訃報の連絡や葬儀の案内が来たときに、「お香典の代わりに線香を送っても失礼にならないのだろうか」と迷う方も多いのではないでしょうか。香典辞退の場合や葬儀に参列できなかった場合など、線香を送る場面は意外とあります。
本記事では、お香典の代わりに線香を送るケースや、線香の選び方、価格の相場、送る際のマナーをわかりやすく解説します。
【もくじ】
1.お香典の代わりに線香を送ることはある?

お香典の代わりに線香を送ることは、昔からある慣習なのでしょうか。
線香をお供えする意味も合わせて解説します。
線香をお供えする意味
葬儀やお墓、仏壇などに線香をお供えする意味は二つあり、お香典の代わりとして線香を送る背景にも関係しています。
ひとつは、仏様の食事という意味です。仏教には「亡くなった方は香りを召し上がる」という考え方があり、これを「香食(こうじき)」と呼びます。故人様、そしてご先祖様の食べ物となるよう、よい香りのする花や炊き立てのごはん、線香の煙などを仏前にお供えします。
もうひとつは、仏様への供養という意味です。よい香りのする線香を供え、読経と共に手を合わせることで、仏様への尊敬の気持ちを表します。
お香典の代わりに線香を送ることもある
お香典は、本来「線香や抹香の代わりに供える金銭」を意味しています。葬儀などに参列する際には、このお香典を持参することがマナーですが、お香典が普及し始める室町~江戸時代までは、故人様のそばで線香を焚き続けるご遺族のために、参列者が線香を持参していたと伝わっています。
つまり、お香典の代わりに線香を送ることはマナー違反ではなく、むしろ本来の作法にのっとった形式であるといえるでしょう。

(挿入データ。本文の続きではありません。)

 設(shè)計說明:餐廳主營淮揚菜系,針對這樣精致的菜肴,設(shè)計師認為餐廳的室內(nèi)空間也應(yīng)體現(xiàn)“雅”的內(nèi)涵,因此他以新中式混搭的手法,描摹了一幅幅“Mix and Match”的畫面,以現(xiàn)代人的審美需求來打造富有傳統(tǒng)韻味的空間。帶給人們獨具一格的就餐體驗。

現代では、「お悔やみの気持ちの表れ」や「ご遺族の負担を軽減させる」といった意味合いでお香典を包むことが主流となりましたが、お香典の代わりにお供え物を送るケースは今でも存在しています。
線香代の意味や相場、お線香をあげに行く時期については、「家族葬の線香代」の記事が参考になります。
仏教以外では線香は送らない
仏様に香りを召し上がっていただく目的で線香を焚くのは、仏教の考え方です。神道やキリスト教などの仏教以外の宗教では、お香典の代わりに線香を送ることはないので注意しましょう。
2.お香典の代わりに線香を送るケースとは?
お香典の代わりに線香を送るのは、どのような場合なのかを詳しく解説します。
香典辞退の場合
葬儀案内の中に、「お香典は辞退します」といった内容が明記されていることがあります。香典は故人様への思いを表す尊い風習ではありますが、お香典の管理や香典返しの用意などがご遺族にとって負担となることもあるため、香典辞退というケースも考えられるのです。

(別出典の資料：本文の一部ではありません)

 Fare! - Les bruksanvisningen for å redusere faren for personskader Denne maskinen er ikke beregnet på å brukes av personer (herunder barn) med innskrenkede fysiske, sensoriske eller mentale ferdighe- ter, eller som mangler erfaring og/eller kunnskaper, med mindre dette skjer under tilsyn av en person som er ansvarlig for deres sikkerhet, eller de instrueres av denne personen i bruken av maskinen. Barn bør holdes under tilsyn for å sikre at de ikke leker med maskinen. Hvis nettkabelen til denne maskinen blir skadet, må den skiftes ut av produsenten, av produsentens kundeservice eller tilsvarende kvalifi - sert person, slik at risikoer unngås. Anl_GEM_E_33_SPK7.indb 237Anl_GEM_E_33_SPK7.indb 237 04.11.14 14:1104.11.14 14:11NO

ご遺族側の意向を無視してお香典を持参することは失礼にあたりますから、香典辞退の連絡がきたときにはそれに従いましょう。
どうしてもお悔やみの気持ちを伝えたい場合には、葬儀が終わった後に線香を送ることができます。お香典よりも安価となる線香であれば、ご遺族の精神的な負担にもなりにくいため、マナー違反とはならないでしょう。
葬儀に参列できなかった場合
なんらかの事情によって、葬儀への参列がかなわなかった場合、お香典の代わりに線香を送ることもあります。
線香を送るのは、葬儀が終わってから四十九日を迎えるまでが目安です。葬儀直後はご遺族が忙しいため、葬儀が落ち着いた頃に届くよう配慮するとよいでしょう。
喪中はがきで訃報を知った場合
喪中はがきを受け取って初めて訃報を知った場合も、既に葬儀は終わっていますから、お香典ではなく線香を送って弔意を示すことがあります。
線香は、喪中はがきが到着してから12月中旬までに送るのが目安です。年をまたがないようにしましょう。
盆や法要の場合
故人様が初めて迎えるお盆(初盆/新盆)や、四十九日法要や一周忌などの法要の際に線香を送ることもあります。法要には御供物料を持参するのが一般的ですが、現金を包む代わりに線香などのお供え物を用意しても問題ありません。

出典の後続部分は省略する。